◆ DATA:
%%

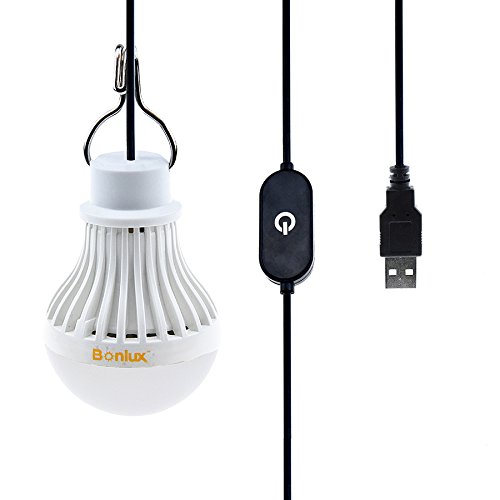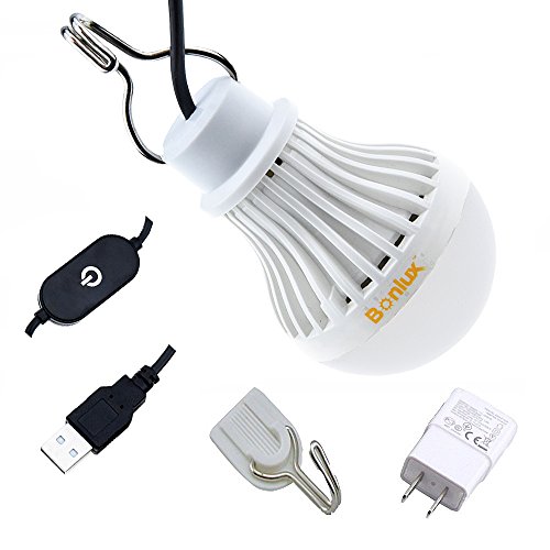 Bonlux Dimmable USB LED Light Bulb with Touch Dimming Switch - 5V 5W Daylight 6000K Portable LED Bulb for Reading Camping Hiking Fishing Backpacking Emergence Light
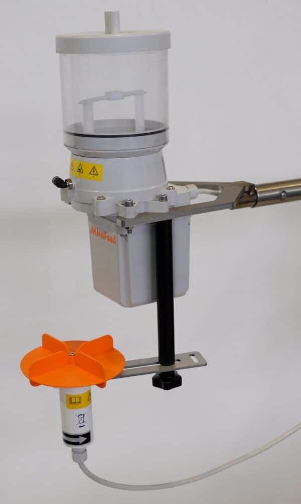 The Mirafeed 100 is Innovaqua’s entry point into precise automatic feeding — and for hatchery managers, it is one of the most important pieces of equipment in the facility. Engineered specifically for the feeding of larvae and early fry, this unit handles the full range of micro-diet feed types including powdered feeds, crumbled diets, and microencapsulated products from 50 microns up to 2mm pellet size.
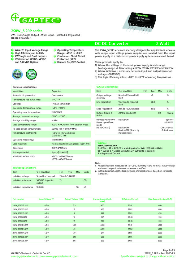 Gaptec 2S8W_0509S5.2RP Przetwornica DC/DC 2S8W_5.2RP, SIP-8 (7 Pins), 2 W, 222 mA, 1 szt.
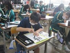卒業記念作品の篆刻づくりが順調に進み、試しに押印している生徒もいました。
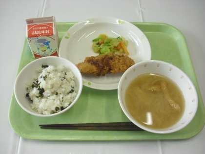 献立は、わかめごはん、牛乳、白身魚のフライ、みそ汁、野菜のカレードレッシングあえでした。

%%

◆ TASK:
Take the line containing "Gaptec 2S8W_0509S5.2RP Przetwornica" and every line after it up to the end of the data, and write them out exactly, without the pictures.

◆ RESULT OF THIS EXERCISE:
 Gaptec 2S8W_0509S5.2RP Przetwornica DC/DC 2S8W_5.2RP, SIP-8 (7 Pins), 2 W, 222 mA, 1 szt.
卒業記念作品の篆刻づくりが順調に進み、試しに押印している生徒もいました。
 献立は、わかめごはん、牛乳、白身魚のフライ、みそ汁、野菜のカレードレッシングあえでした。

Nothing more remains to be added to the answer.